Wednesday, May 18, 2011

Why Nokia might not scrap Symbian after all

Symbian is both a pioneer among the smartphone operating systems and a product without a clear future. Nokia is still hoping to sell more than 150 million Symbian smartphones.

The current range of models reflects Nokia's desire to appeal to a range of target audiences. The N8 is the company's multimedia flagship, with a 12 megapixel camera and HDMI output for direct connection to an HDTV.

The C7 is the convenient do-it-all device, with a touchscreen and few physical buttons. Then there are two models aimed at business customers: the E7 with its slide-out QWERTY keyboard and the E6 with a keyboard directly under the monitor. The X7 is aimed at a younger audience, with better game playing on the larger screen and quick access to the online network.

Nokia is also betting on its free navigation software as a powerful draw. The company's devices come preloaded with maps for up to 200 countries, showing routes for drivers and pedestrians. Nokia also recently added in 3D views as well. The acquisition of mapmaking specialists Navteq, a transaction costing millions, ensured that the Finns have all the components for navigation in-house. All these are only available on it's Symbian Platform.

Symbian mobiles are also designed to allow users to compose their own start page, with widgets displaying new email messages and social media posts. Unlike competitor Apple, Nokia promises compatibility with Flash videos as well. The devices come in a solid metal housing that sits well in the hand.

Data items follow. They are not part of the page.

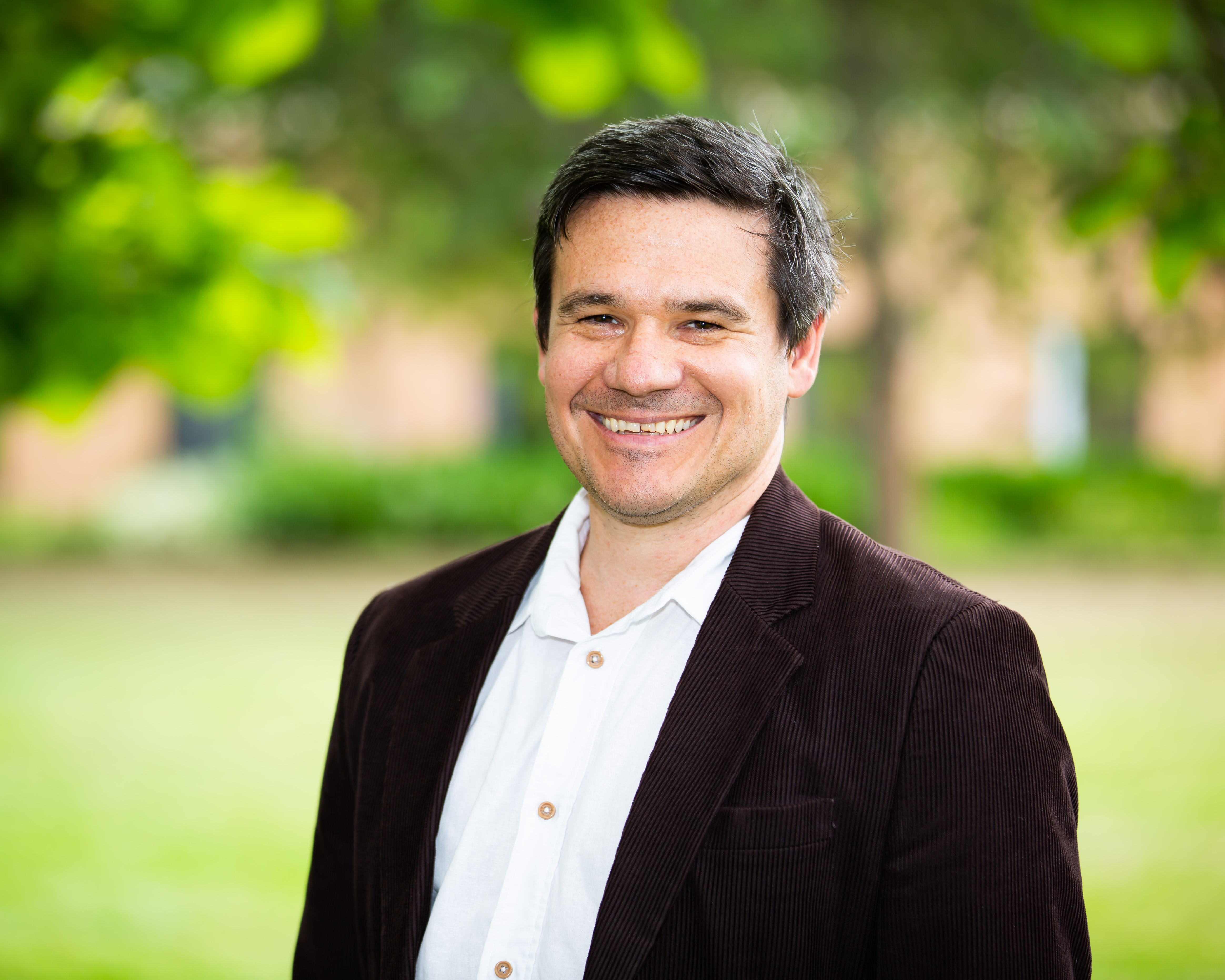 Chris Boyle bio pic 2019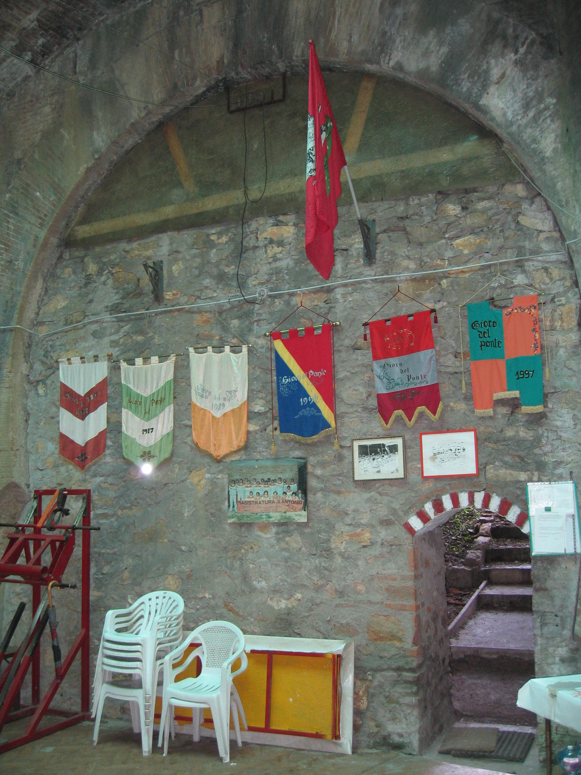 The area inside of the Stampace stronghold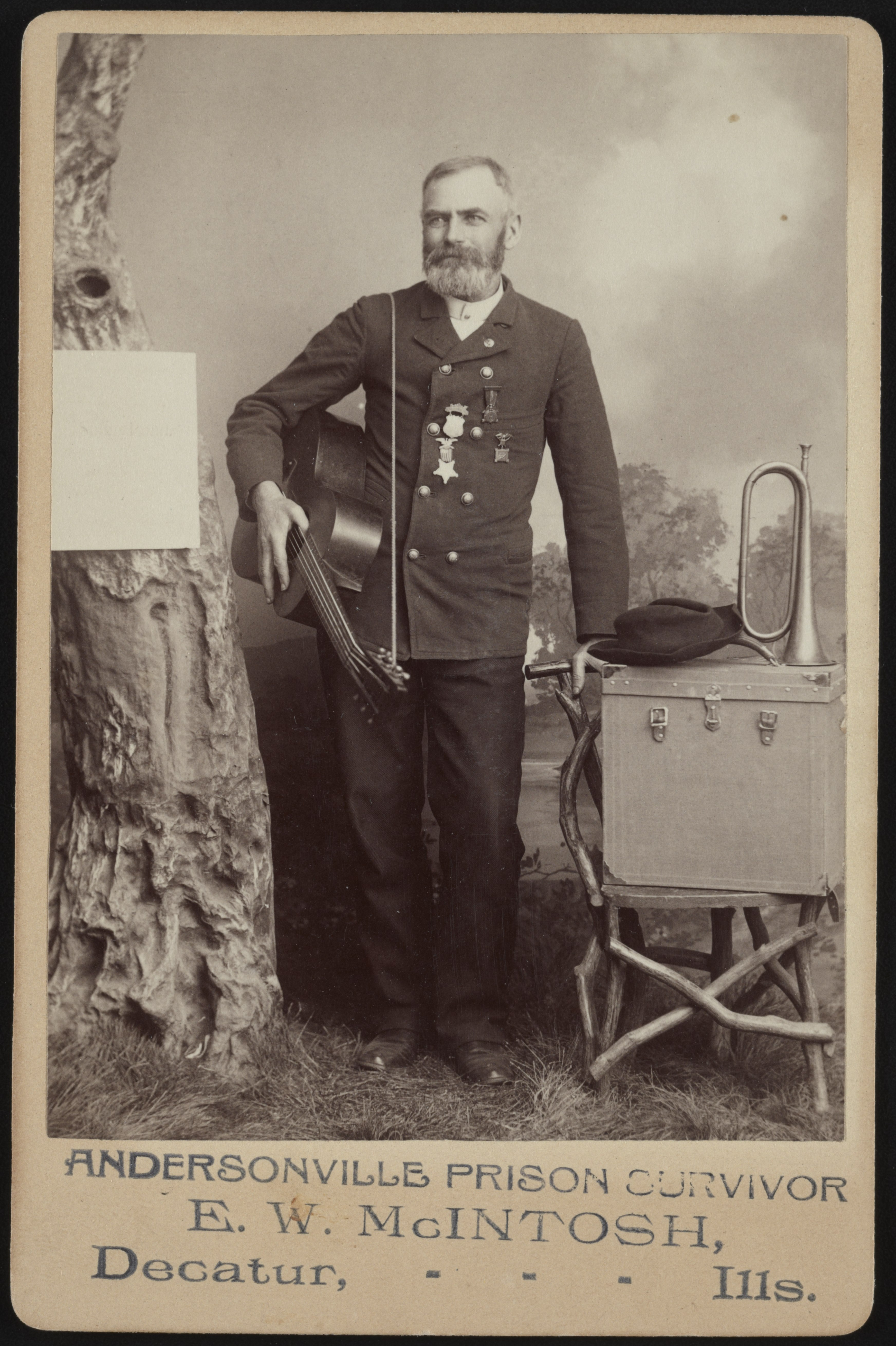 Title: Civil War veteran Eppenetus Washington McIntosh Abstract/medium: 1 photograph : albumen print on card mount ; sheet 14 x 10 cm, mount 17 x 11 cm (cabinet card format)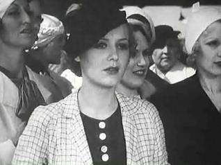 Cropped screenshot of Gloria Stuart from the film Here Comes the Navy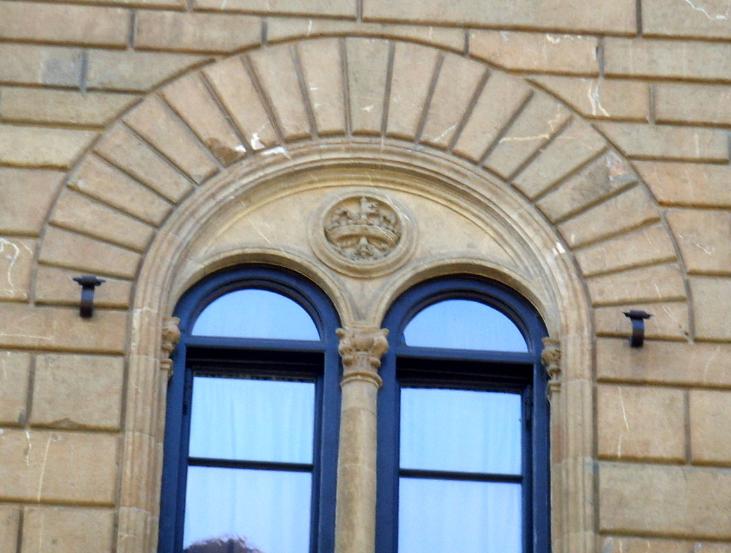 Coat of arms of the House of Riccardi, on a bifora of Palazzo Medici Riccardi in Florence, Italy.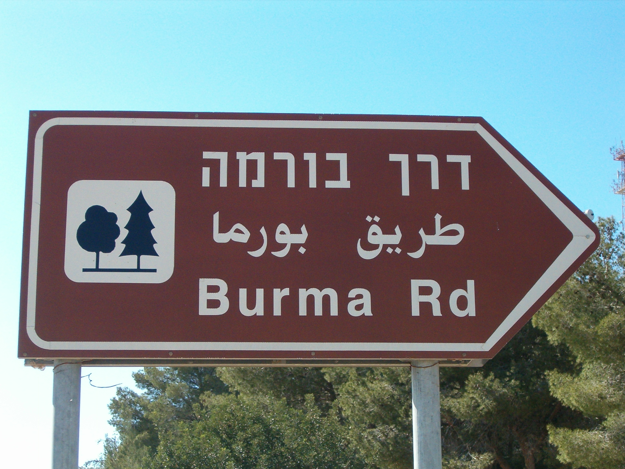 Burma road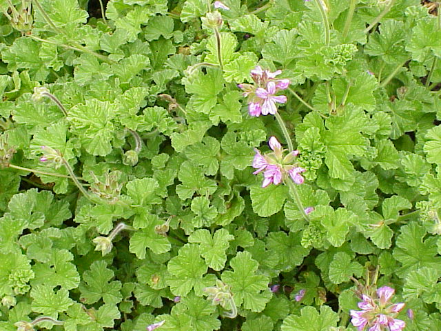 Species: Pelargonium capitatum Family: Geraniaceae Image No. 2

But one question remains: Why have Nokia's Symbian telephones sold so poorly in recent years? After all, new company CEO Stephen Elop felt it necessary to change horses midstream and switch to the Microsoft software. Read more about the NokiaSoft controversy here.

Industry experts have repeatedly distilled the problem down to a simple formula: Nokia has solidly built devices -- and software that can't keep up with competitors like Apple's iOS software for the iPhone and iPad or Google's Android operating system. The rise of Android phones was the straw that broke the camel's back for Nokia's smartphone strategy. Maemo and MeeGo were left on the sidelines.

The weaknesses of Symbian become clear to customers when they try to type in a Google search or WLAN access codes on the virtual phone keyboard, or when they try to search through menus that sometimes seem to have no rhyme or reason. "There are too many settings in too many different places," says industry watcher Michael Gartenberg.

The decision to move to Windows Phone doesn't mean a sudden death for Symbian though. Nokia has in fact pledged to continue developing it. The current Symbian update includes better controls for the touchscreen and the ability to run multiple apps at once. In total some 250 new functions are included.

Users can acquire apps from Nokia's proprietary Ovi platform, which sees more than five million downloads each day, the company reports. That said, it has significantly fewer programs available than Apple's App Store or the Android market. That is considered a central competitive disadvantage for the Symbian platform. Nokia has since decided to scrap the Ovi brand.